From AMC’s smash hit television series The Walking Dead, to the movie Zombieland (and the upcoming film version of Max Brooks’ World War Z), flesheaters are everywhere. In fact, they’re so much everywhere that I have started worrying that zombies were reaching that too-much-of-a-good-thing spot that vampires reached right around the second Twilight book.
So, it was with some curiosity and a fair bit of skepticism that I read Colson Whitehead’s most recent book, Zone One. The story follows three days in the life of Mark Spitz (no, not that Mark Spitz), a survivor of a zombie apocalypse, who is working to help the government re-establish an outpost of civilization in lower Manhattan.
Spitz is employed as a “sweeper”, part of a team whose job it is to clean out straggler zombies from buildings in the Zone. Over the course of the novel, Spitz reflects on how he came to be there, his relationships with his teammates, the fall of modern civilization, and its prospects for rebirth.

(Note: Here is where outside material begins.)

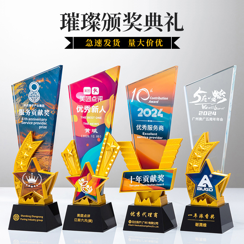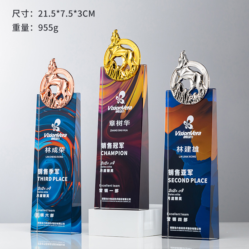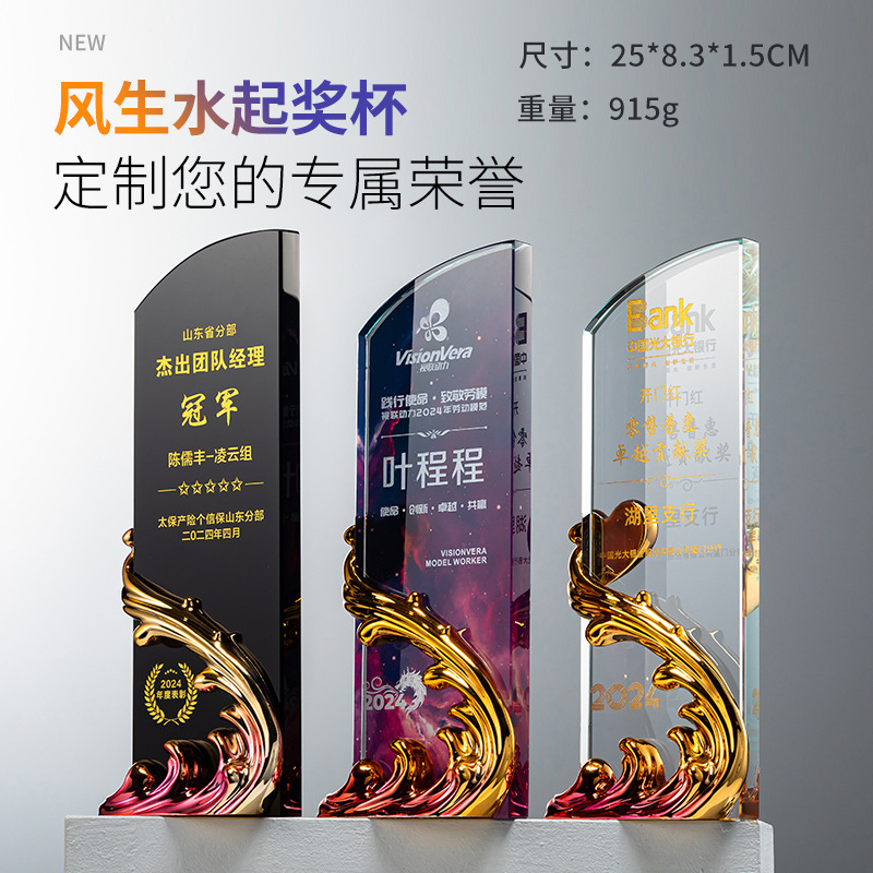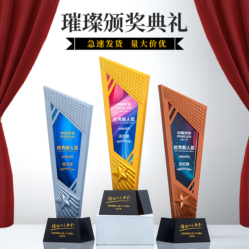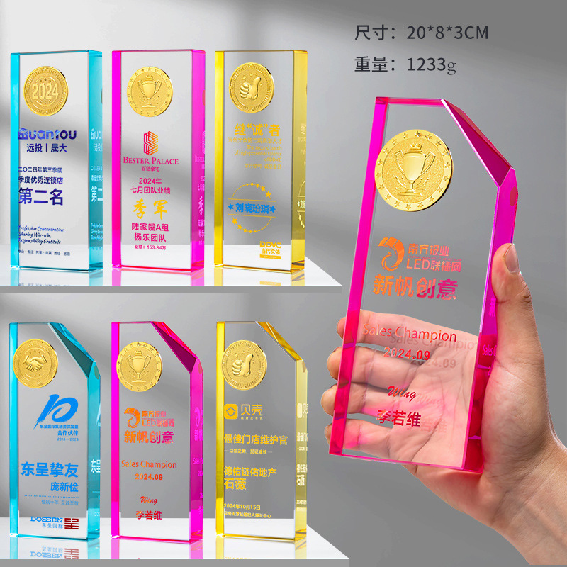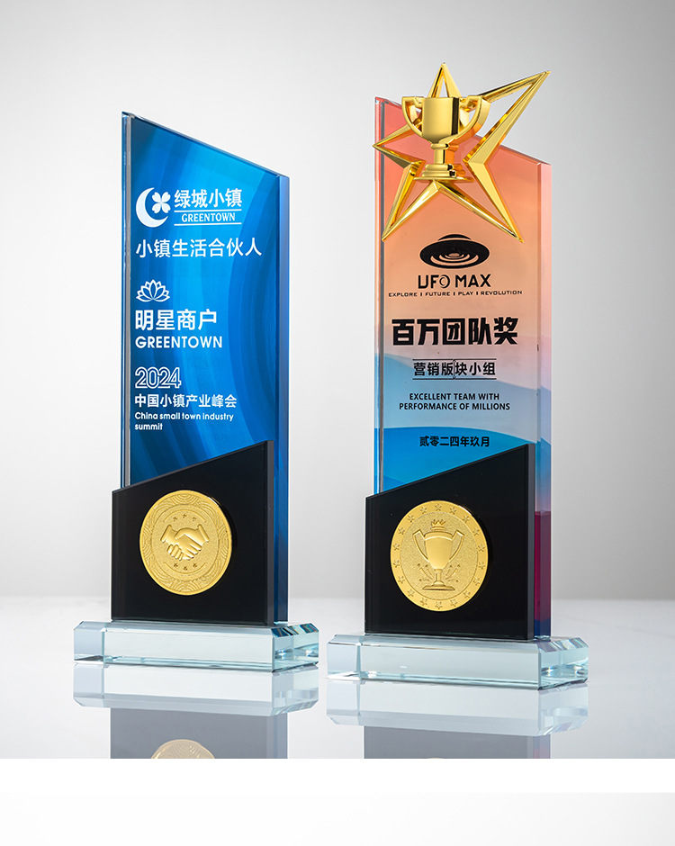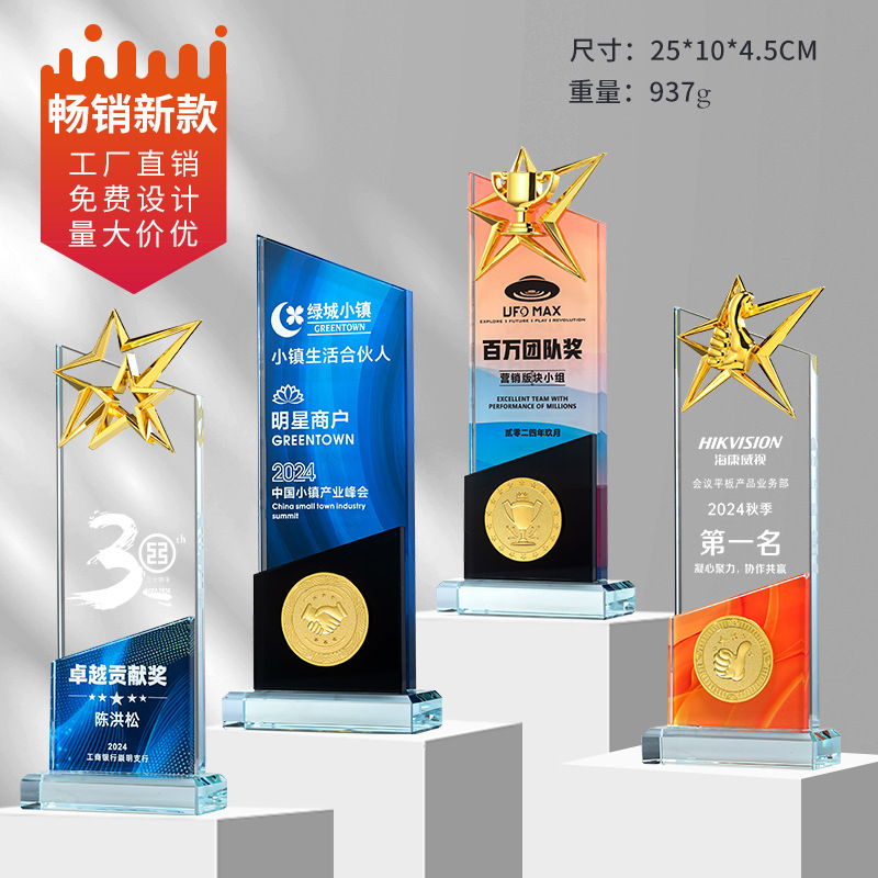 新款奖杯水晶创意奖牌企业优秀员工年会团队纪念奖品刻字金属奖牌

There are two types of zombies in Whitehead’s world: the vast majority are the mindless, ravenous hordes that we all know and love and the other are a rare type of “malfunctioning” undead. These poor creatures spend endless days repeating a single task from the fallen world: standing at a copy machine, pushing a broom around a room, holding a skillet in a long-unused kitchen. They don’t attack people and never even seem to notice them. It is these stragglers that Spitz is most interested in and curious about.
Whitehead is no hack “genre” writer either – his literary novels over the past decade have been critically well received and have even been finalists for prestigious awards, including the Pulitzer Prize. And, boy, can the man put a sentence together. (Of the sort that makes me despair as a writer, knowing that I’ll probably never write sentences that good.) Using power metaphors and allusions, Whitehead transforms the day-to-day drudgery of Spitz’s Zone One existence into something beyond a horror story. It is, in a way, horror literature.
In Zone One, Whitehead turns the view of the post-apocalyptic world back onto the trappings of our world and civilization – the technologies we take for granted, our attachment to material goods, and our societal preoccupations – and plays on our own desire to “chuck it all away and start over”. The scenes with the malfunctioning zombies, stuck in the pointless, repetitive lives are particularly well done. And through it, Spitz becomes sort of a 21st century everyman who sheds the modern world, but doesn’t particularly mourn it.
The book is an engaging societal and human commentary, masterfully written against (and within) a now-familiar zombie apocalypse backdrop that manages something remarkable: a fresh take on a genre that I thought was getting stale.
Four stars out of five.
4 comments:
As much as they are everywhere, I still like the good ole zombie :)
I'm there! Thanks for the review, I'm going to read it.
so, that sounds quite intriguing and more intelligent that a lot of other zombie books.
I might give this one a shot. Sounds interesting.